By Roger Robinson, Runner's World
Louis Zamperini, a 1936 U.S. Olympian at 5000 meters and the subject of the best-selling book Unbroken, has died at age 97 of pneumonia in Los Angeles on Wednesday, July 2.
Born on January 26, 1917, Zamperini was a top American Miler in the vintage era of middle-distance racing before World War II. He then became one of America's most famous wartime heroes after surviving extreme deprivation on a life raft and in captivity under the Japanese. By the end of his long life his story was renown, thanks to Unbroken, by Laura Hillenbrand, published in 2010. A Hollywood movie based on the book, directed by Angelina Jolie, is scheduled to be released on December 25, 2014.

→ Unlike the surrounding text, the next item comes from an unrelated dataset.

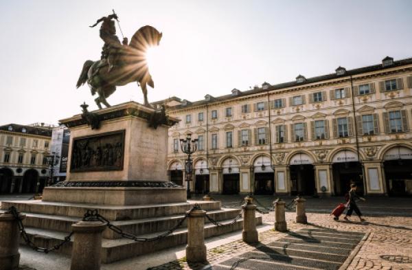 4月4日,在意大利都灵,一名女子走过空旷的街道。新华社 图

Zamperini's older brother Peter, himself an excellent high school runner, and some persuasive girls, first induced him to run track at age 15, and in 1934, Louie set the U.S. high school Mile record (4:21.2). It proved an outlet for teenage energies that had previously led him into outbursts of violence and habitual stealing. Part of his problem may have been a sense of being an outsider, as he was born into an immigrant family that moved from New York to Torrance, California, when he was 2, and as a small child he spoke only Italian.